Before I comment on the results, I want to stress—because I think this is the first feedback I am going to get—that it’s super hard to compare apples to bananas. I know that. However, the results being this close makes me think that the benchmark is probably reasonably fair. I am not looking at the generated assembly because I am not good enough to read assembly code, but doing so might provide some interesting insights.

Summary and Questions

While the results for both implementations are very close, the C++ code took significantly longer to compile and produced larger executables (as expected). This makes me wonder if the runtime comparison is fair, as compiler optimizations and generated assembly might differ.

I would love feedback on:

Potential improvements to the C implementations? Is there an alternative to the use of macros here, beside code duplication, alternative to the 2 suggested approaches, etc.
Whether the approach to benchmarking seems reasonable.

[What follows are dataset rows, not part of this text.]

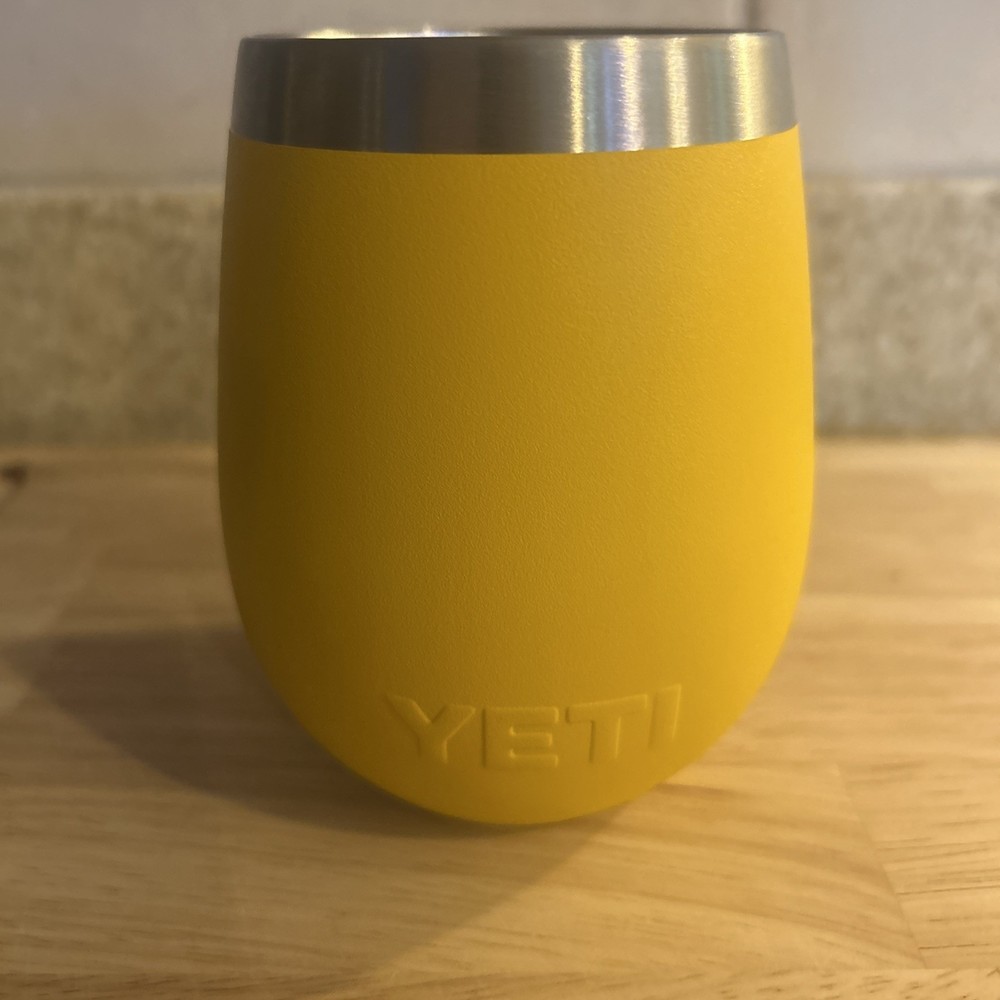 This Yeti Rambler is a must-have for outdoor lovers! The Alpine Yellow color is vibrant and eye-catching, while the stainless steel construction keeps drinks hot or cold for hours. It's the perfect size for wine, super durable, and easy to clean—great for camping, picnics, or just relaxing at home. The insulation works like a charm, and the no-sweat design is a nice bonus. Even though it's discontinued, snagging one feels like a win!
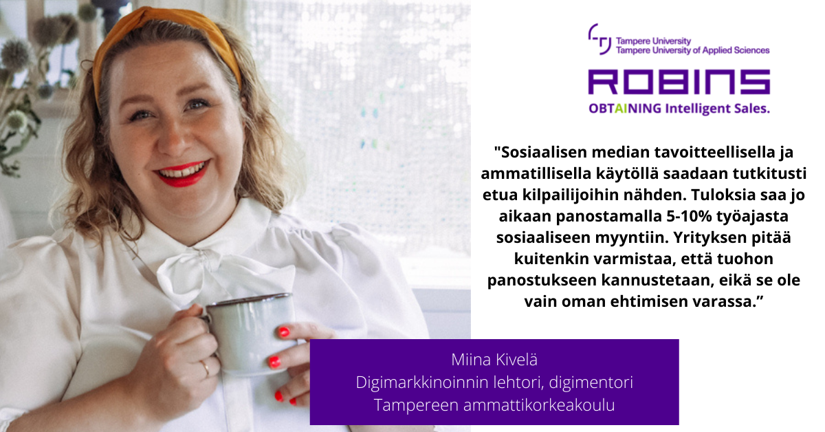 Miina kertoo sosiaalisesta myynnistä ja digitaalisesta markkinoinnista sekä ROBINS-tutkimushankkeen kokoomateokseen kirjoittamastaan artikkelista ja näin:
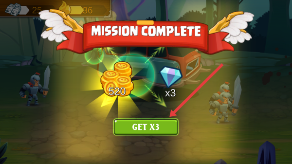 3、任务完成后,按照箭头指示,点击绿色GET-X3按钮,获取520金币与3颗钻石的三倍奖励。
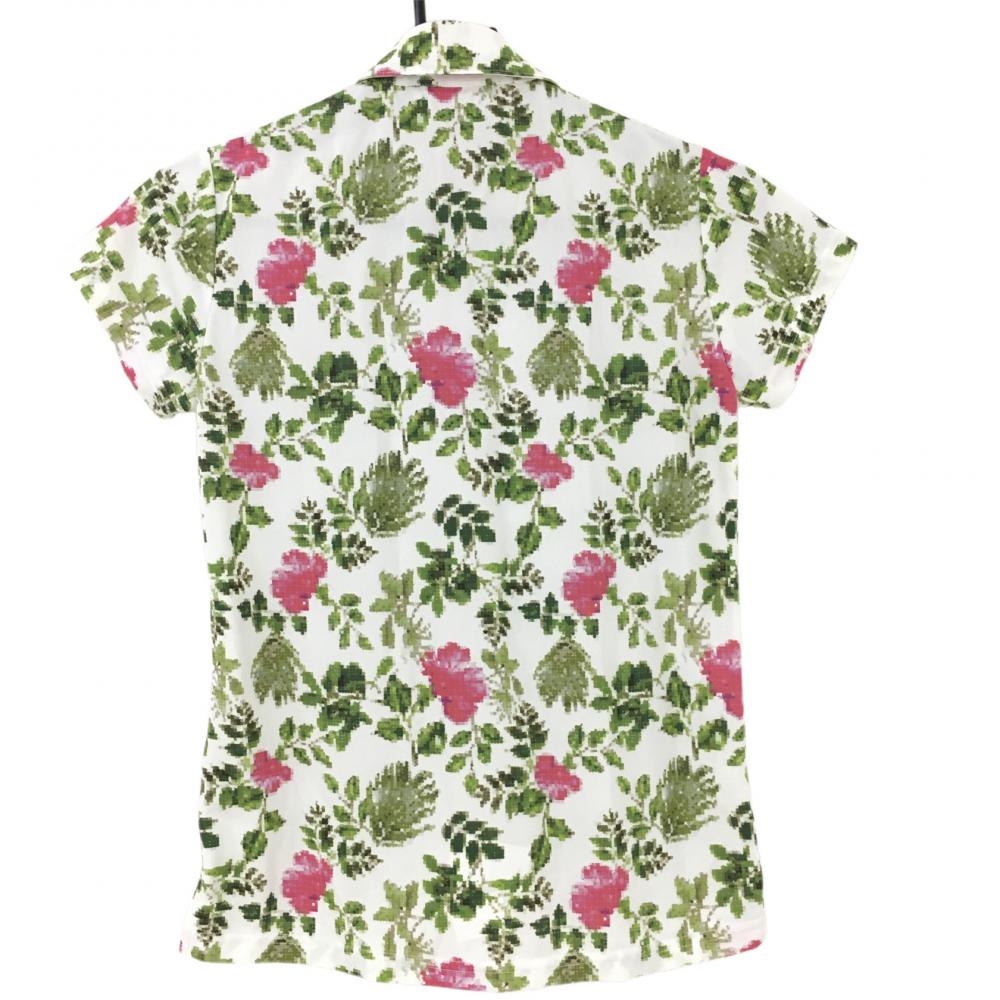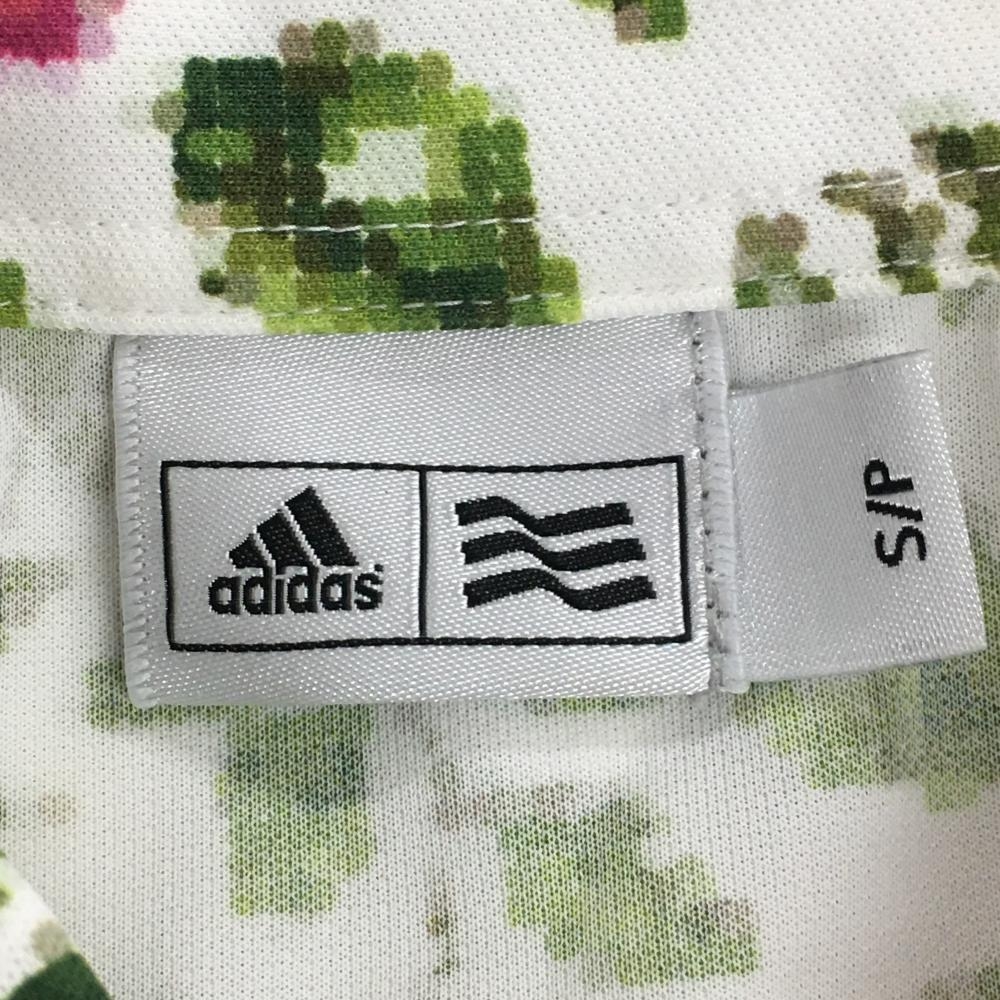 【超美品】アディダス 半袖ポロシャツ 白×グリーン×ピンク 花柄 レディース S/P ゴルフウェア adidas
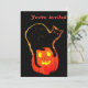 Halloween Art schwarze Katze glühend mit Höcker auf Orange glühenden Kürbis vorne mit orangefarbenem Text Sie sind eingeladen. Zurück hat schwarzen Hintergrund mit orangefarbenem Text füllen Sie Ihre eigenen Informationen. Cartoon-Design.
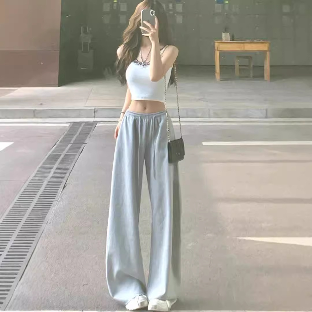 アメリカンギャル高腰カジュアルパンツ女性2024新作秋百合灰色ヨガパンツ痩せ運動微拉ズボン
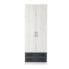 В левой части шкаф оборудован несколькими полочками для хранения белья. В правой расположена надёжная штанга для размещения одежды на плечиках.
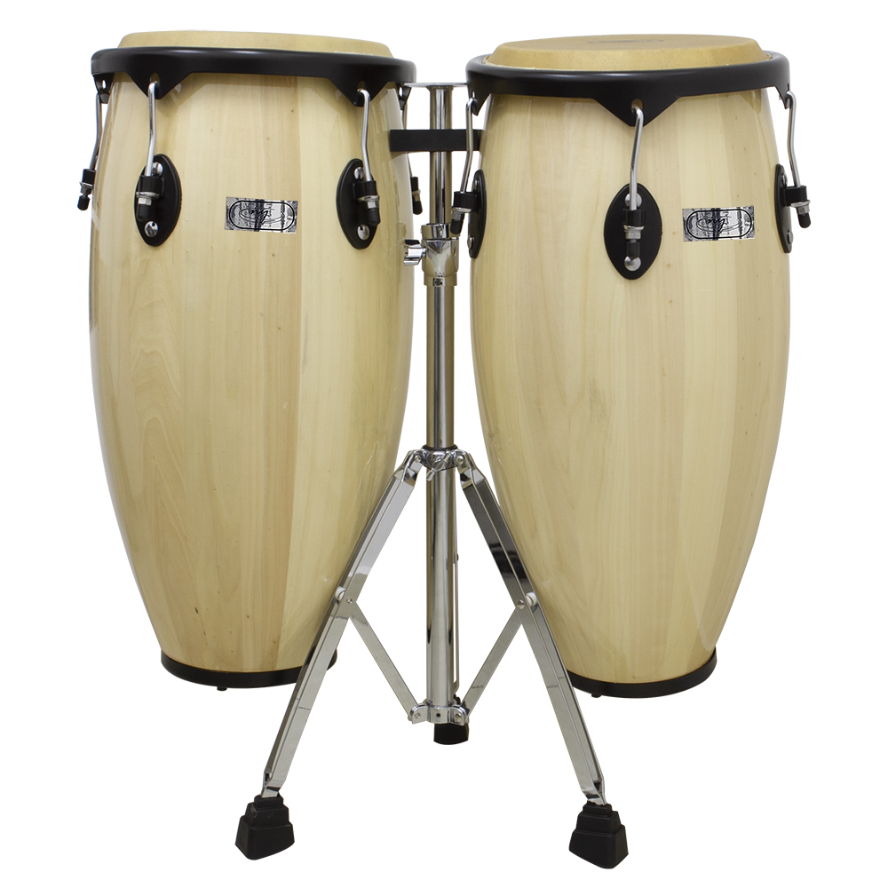 Par de Congas New York, no tamanho 11 e 12” produzida em madeira com pele de búfalo acompanha suporte com acabamento cromado.
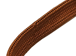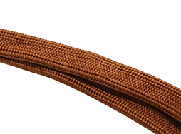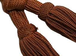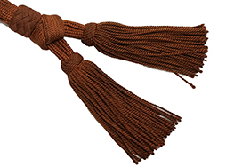 昭和12年に制定された太刀型軍刀と合わせて制式化された、平織づくりのの刀緒です。形や見た目は陸軍の昭和9年制式の刀緒とほぼ変わりがありませんが、階級別の色の差異はなく表裏共に茶色一色となっています。
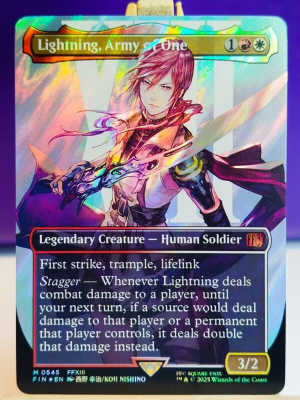 Les cartes Surge Foil se distinguent par un procédé de fabrication particulier, où l’effet foil est appliqué manuellement. Contrairement aux finitions industrielles classiques, chaque carte est travaillée individuellement, ce qui crée des variations naturelles dans les motifs, l’intensité et les reflets. Aucune Surge Foil ne ressemble parfaitement à une autre.
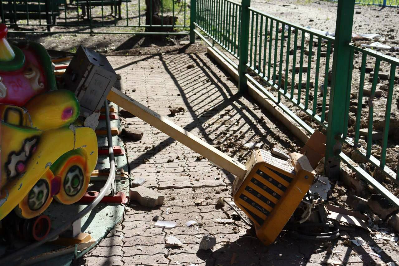 "Близько 01:01 місто опинилося під вогнем. Під обстрілом опинилася територія міського парку культури та відпочинку "Гірник". Один зі снарядів упав на пішохідну доріжку поряд з дитячими атракціонами в самому центрі. Другий - поряд на алеї парку", - повідомляють окупанти.
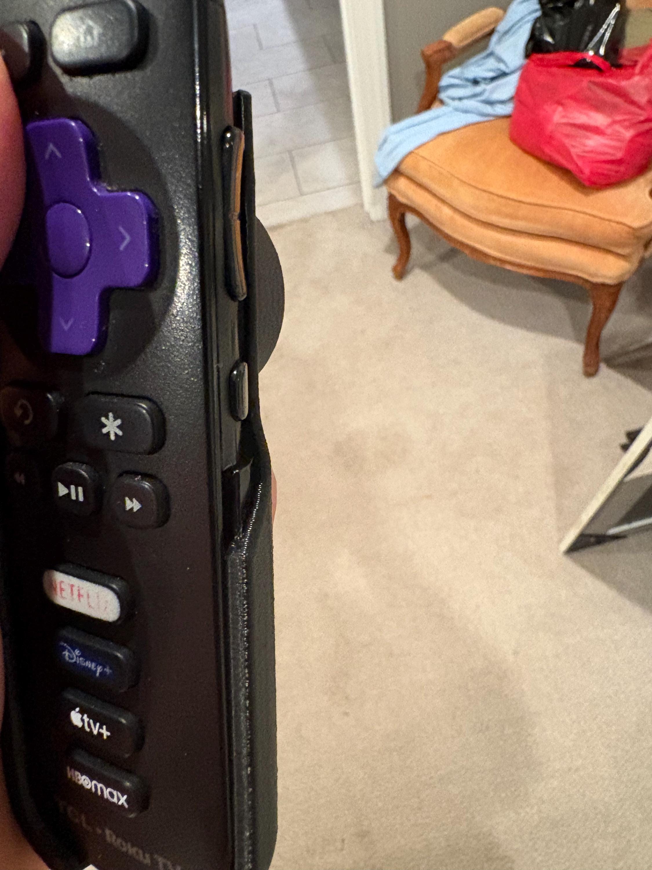 The Roku remotes are small and compact, which makes them ideal for getting lost. The custom designed sleeve is designed to hold an AirTag, then snap onto the Roku Remote.

Please provide a scenario in which every "file format driver" will be invoked (perhaps sequentially), and the time to select each one is significant (compared to the driver 'running'). Please explain how "a strict requirement" can be made flexible and time funded to pursue alternative strategies... What are the flexibilities offered by a "switch" that are not available when using a function pointer solution? — user272752
– user272752, Commented Jan 4 at 22:56
"Please explain how "a strict requirement" can be made flexible and time funded to pursue alternative strategies... ". I guess people I work with are open-minded). I understand the example is very limited but having a real example in which the types would be read from the file and passed to the function filtering them, wouldn't make much of a difference with just generating them on the fly like I do in the example? Or would it? — M. Saintourens
– M. Saintourens, Commented Jan 5 at 11:20
I can only guess. What I see here is versions of a "dispatcher" that sequentially runs a collection of "time wasting" functions that are all the same. The dispatcher is likely 0.0001% of the measured execution time, proving nothing about switch() vs function pointer... Since this is not "real code", there's very little that should/could be said about it. The question of 'C' vs 'C++' should be answered by which has the greater pool of expertise in the group. Can the junior programmer deal conceptually with templates? "Strict requirements" are not 'flexible' in my experience... — user272752
– user272752, Commented Jan 5 at 11:38
@Fe2O3 yes I see your point. From my experience of that project, the devs have walked away from C++ after years of using due to what has become its current "complexity" making it harder for people to read the code. I am just vaguely quoting what I have understood of my interactions with them. I get your point about the code being too simple to show value, but one has to start somewhere and while I understand the topic C vs C++ is otherwise subjective, I am still hoping to get constructive feedback here about the problem. Notably how to handle this in C efficiently if possible at all. — M. Saintourens
– M. Saintourens, Commented Jan 5 at 12:03
@Fe2O3 ""Strict requirements" are not 'flexible' in my experience... ". Well is that why we have mutable in C++). Is it a way of saying you can't be changed but you can still be changed if I decide to. Example of strict requirement that's somehow flexible). — M. Saintourens
– M. Saintourens, Commented Jan 5 at 12:06

G. Sliepen · Accepted Answer · 2025-01-05 16:15:28Z

About C vs. C++

When I asked, "Why C?", the answer I received was that it compiles faster

A big slowdown for C++ is often when lots of templates are used, as the compiler than has to instantiate and compile the generated instantiations.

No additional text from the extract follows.